━━━ Provided data ━━━
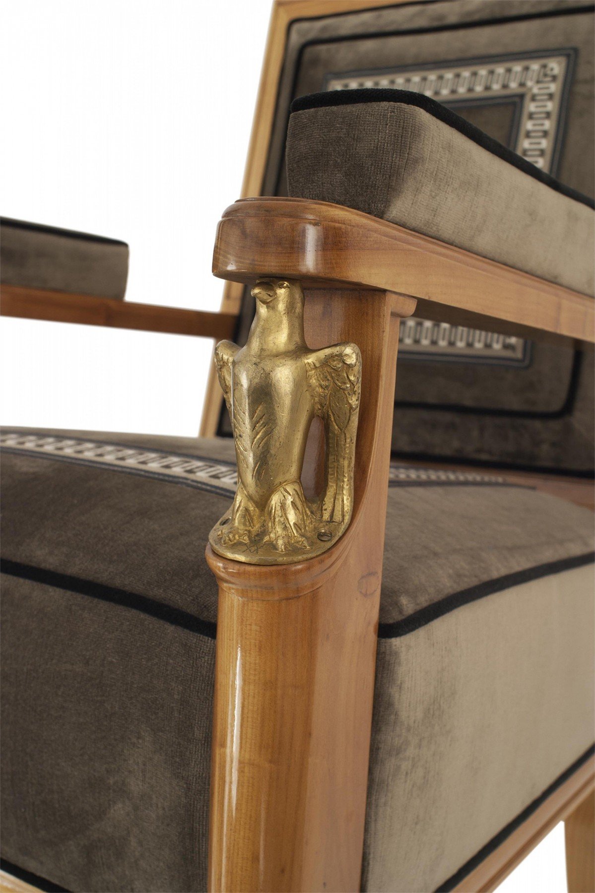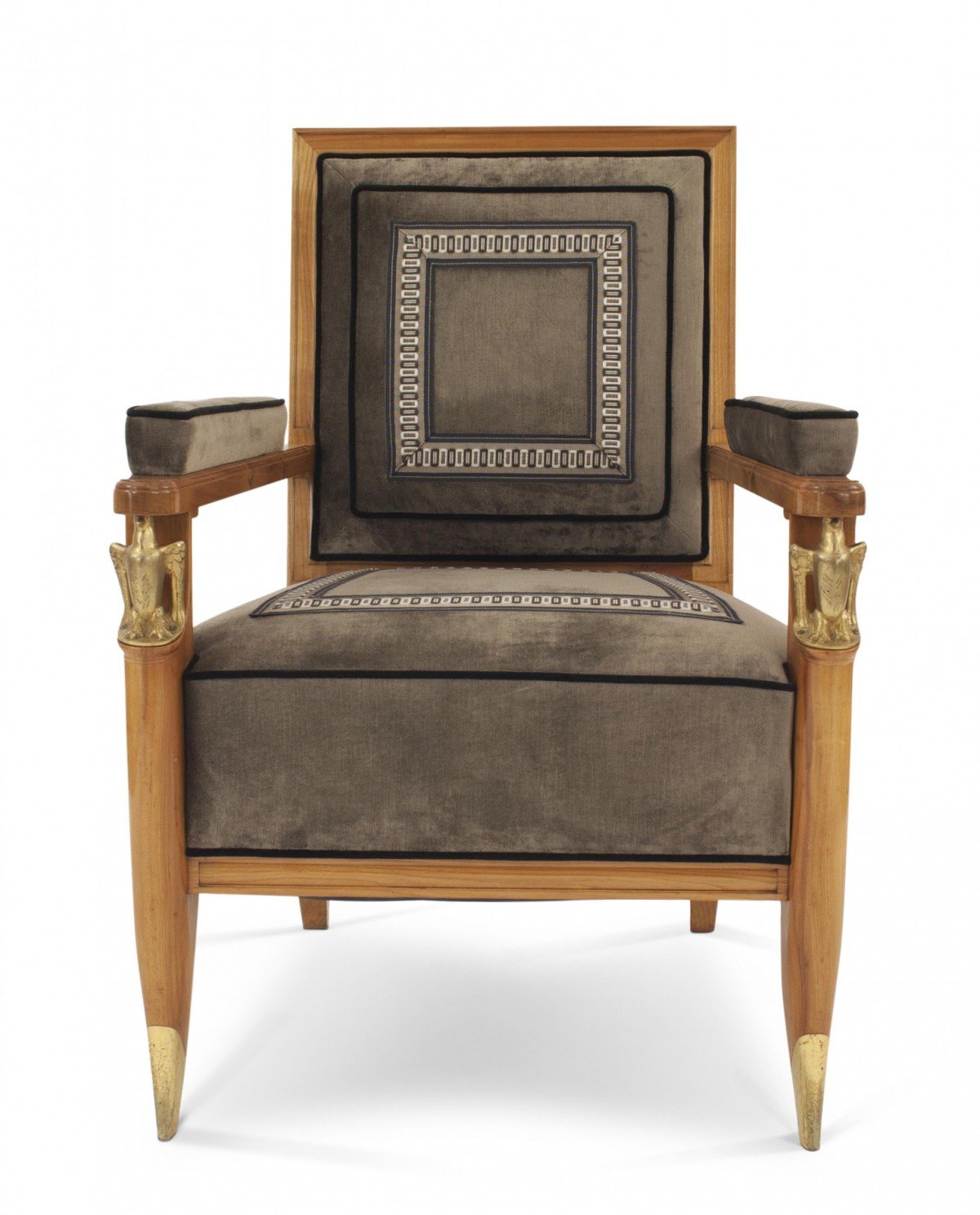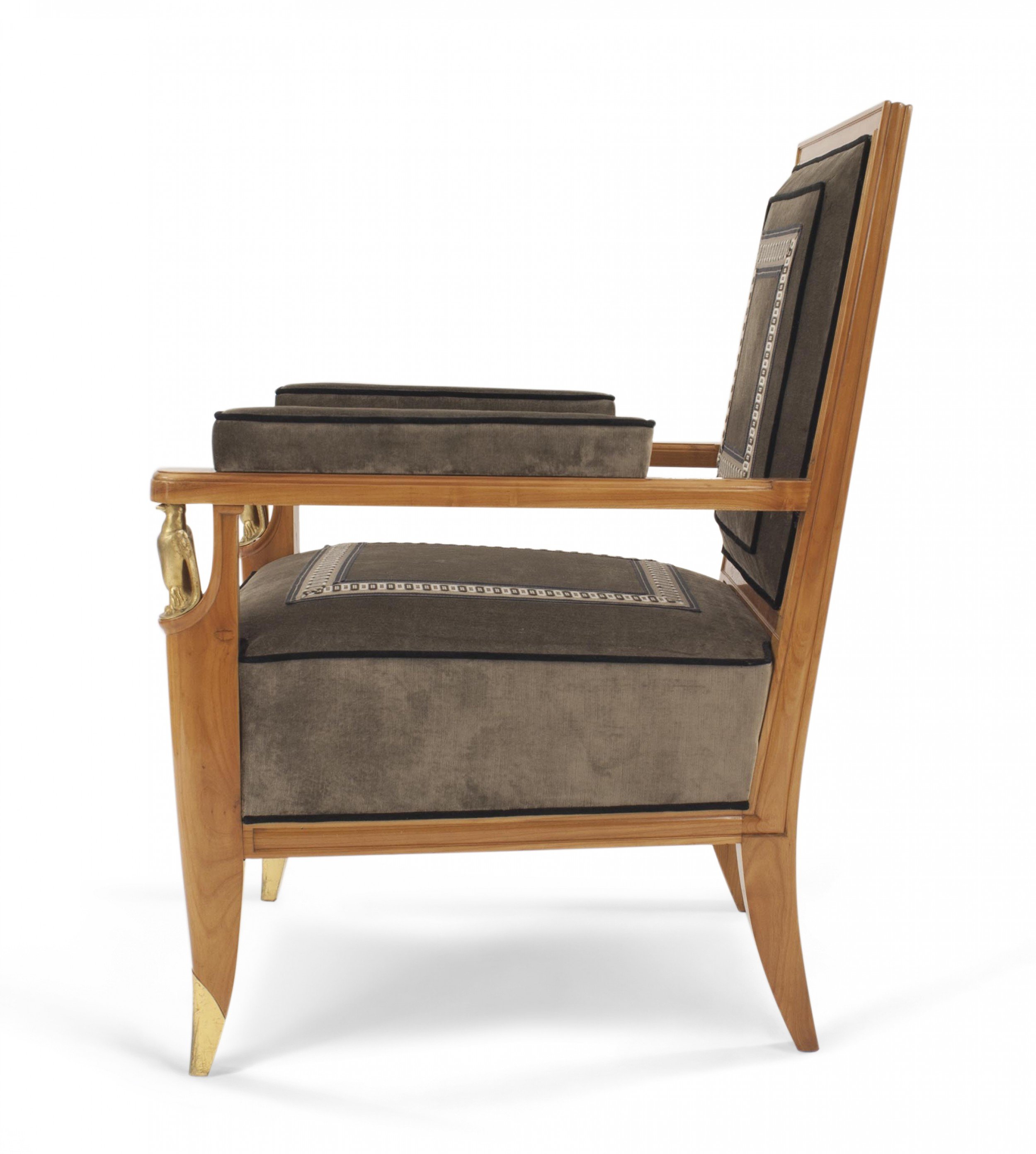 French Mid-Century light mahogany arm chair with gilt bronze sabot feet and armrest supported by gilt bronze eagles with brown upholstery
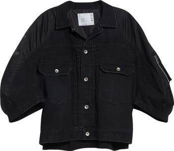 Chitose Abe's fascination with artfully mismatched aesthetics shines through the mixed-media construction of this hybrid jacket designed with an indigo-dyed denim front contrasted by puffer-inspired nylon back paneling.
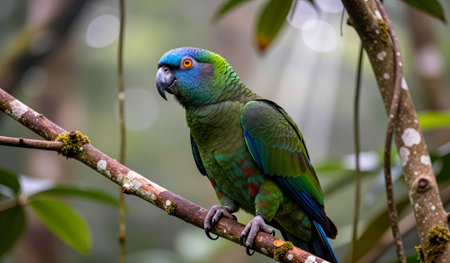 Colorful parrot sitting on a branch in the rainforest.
━━━
### Instructions for the task
A word-for-word copy of the data above is needed, one that omits the pictures.

### Expected answer
 French Mid-Century light mahogany arm chair with gilt bronze sabot feet and armrest supported by gilt bronze eagles with brown upholstery
 Chitose Abe's fascination with artfully mismatched aesthetics shines through the mixed-media construction of this hybrid jacket designed with an indigo-dyed denim front contrasted by puffer-inspired nylon back paneling.
 Colorful parrot sitting on a branch in the rainforest.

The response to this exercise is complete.